LSM-tree-based stores, such as RocksDB, provide the lifetime hints of SST/WAL files for grouping data with the same lifetime in a zone. Unfortunately, the SST/WAL files with the same lifetime hint do not always have a closely aligned lifetime, which is the primary factor behind space amplification and data migration. Therefore, several researches [16] [13] [4] break down the features of LSM-tree in depth and combine them with the ZNS characteristics to further ensure that the data with the similar lifetime is grouped in the same zone. ZoneKV [16] proposes a lifetime-based zone storage model and a level-specific zone allocation algorithm to store SSTs with a similar lifetime in the same zone. CAZA [12] leverages the regularity of LSM-tree compaction strategies to predict the lifetime of SST files and introduces a compaction-aware zone allocation strategy. LL-Compaction [11] alters the compaction strategy to minimize the presence of long-lived SST files to accelerate the triggering of zone resets.

Figure 1: ZNS SSD and LSM-tree Background

Although these methods have produced commendable performance improvement, they are constrained by a fundamental limitation: the basic invalidated unit in LSM-tree is an SST/WAL file while the erasing unit of ZNS SSDs is a zone. Therefore, placing multiple SST/WAL files in a single zone inevitably postpones zone reset and even results in data migration. Bae et al. [1] advocate configuring the zones as small as possible, called a small zone, to address the long delay issue of zone reset. SplitZNS [9] introduces small zones by tweaking the zone-to-chip mapping to maximize garbage efficiency for LSM-tree on ZNS SSDs. However, a small zone still fails to completely eliminate data migration and sacrifices the parallelism of a ZNS SSD device, which brings I/O performance degradation problems.

In this paper, we proposed Hi-ZNS, a high space efficiency and zero-copy mechanism for LSM-tree on ZNS SSDs to reduce space amplification and completely eliminate data migration. The basic idea of Hi-ZNS is to place only one SST/WAL file in a zone. Specifically, Hi-ZNS contains two key technologies. (1) Construct a zone at runtime: based on the varying-sizes SST/WAL files, Hi-ZNS allocates different number of flash blocks for a zone to place the SST/WAL file.

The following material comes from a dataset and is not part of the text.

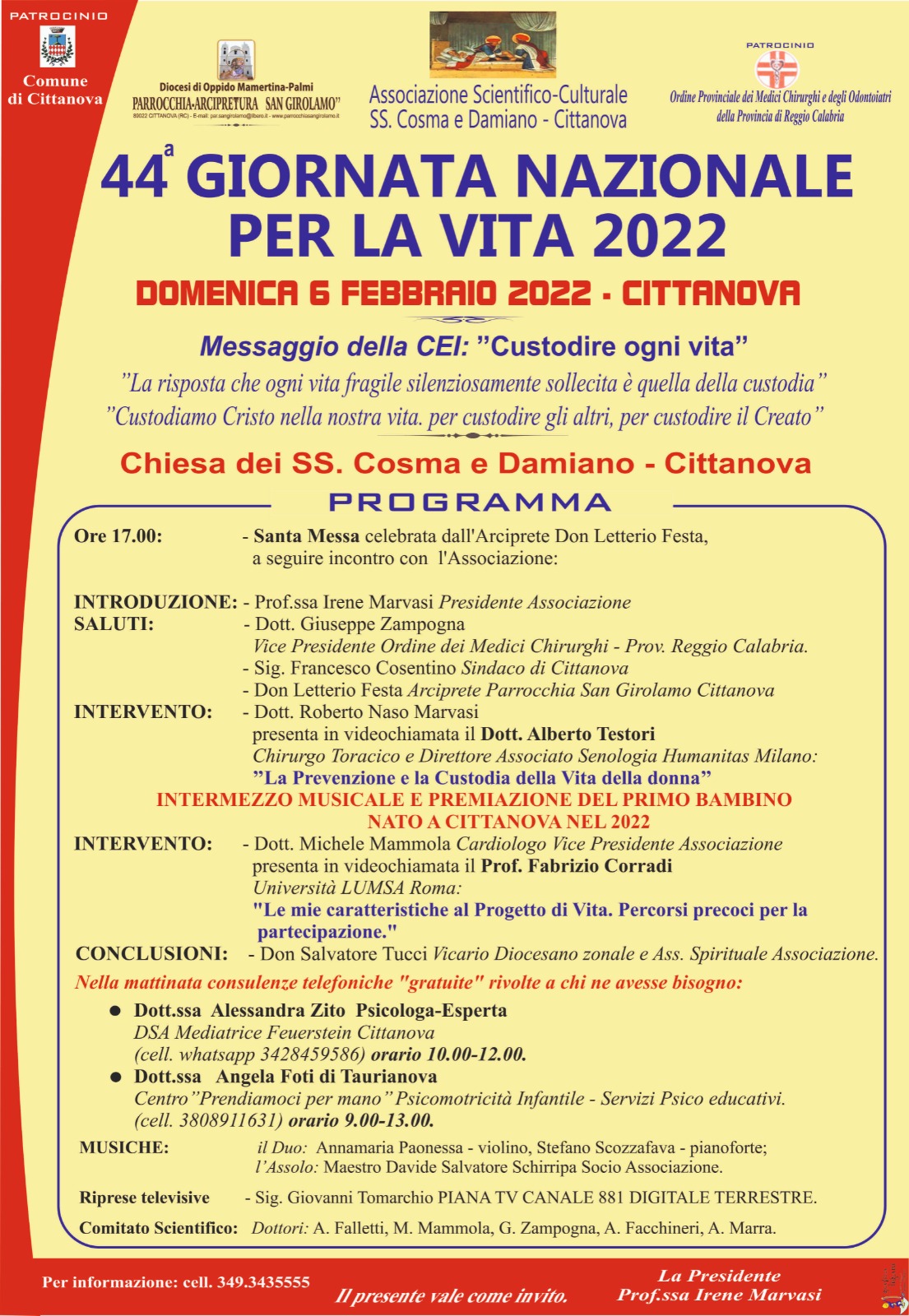 L'Associazione scientifico-culturale Santi Cosma e Damiano di Cittanova è da quasi vent'anni che opera nel Territorio, in sintonia con la Parrocchia-Arcipretura San Girolamo, curata dal Parroco don Letterio Festa e si ispira ai Valori professionali e spirituali dei Santi suddetti. E’ stata fondata dalla Prof.ssa…

Note that according to the ZNS specification, Hi-ZNS ensures the logical zone size is fixed and only adjusts the amount of flash blocks that are allocated to a zone. (2) Provide an infinite logical zone space: since the logical zone size is not equal to the allocated flash resources in our design, Hi-ZNS keeps track of the available flash resources in a ZNS SSD device. As long as the resources remain, Hi-ZNS could allocate a logical zone (by increasing the zone number) to fully utilize the flash resources. As a result, when an SST/WAL is invalidated, upper-level applications with Hi-ZNS send the zone-reset command to a ZNS SSD device mindlessly. Extensive experimental results show that Hi-ZNS effectively improves the space efficiency and I/O throughput, and completely eliminates data migration.

In summary, this paper makes the following contributions:

We identify the space amplification and data migration problems on ZNS SSDs, and point out that limiting the SST/WAL file size from the application level (RocksDB) does not work.
We propose a high space efficiency and zero-copy mechanism for LSM-tree-based stores on ZNS SSDs, Hi-ZNS, featured with allocating resources on demand and infinite logical zone number.
We implement and evaluate Hi-ZNS to demonstrate that Hi-ZNS outperforms the existing method in both space utilization, I/O throughput, and data migration.

The remainder of this paper is organized as follows. Section 2 and Section 3 present the background and the motivation of this paper, respectively. In Section 4, we describe the details of Hi-ZNS. Section 5 presents the experiments and evaluations. Finally, we discuss related work in Section 6 and conclude this paper in Section 7 respectively.

2 BACKGROUND

In this section, we first introduce the internal organization of ZNS SSDs. We then give the background on LSM-tree-based stores. Finally, we describe the LSM-tree on ZNS SSDs.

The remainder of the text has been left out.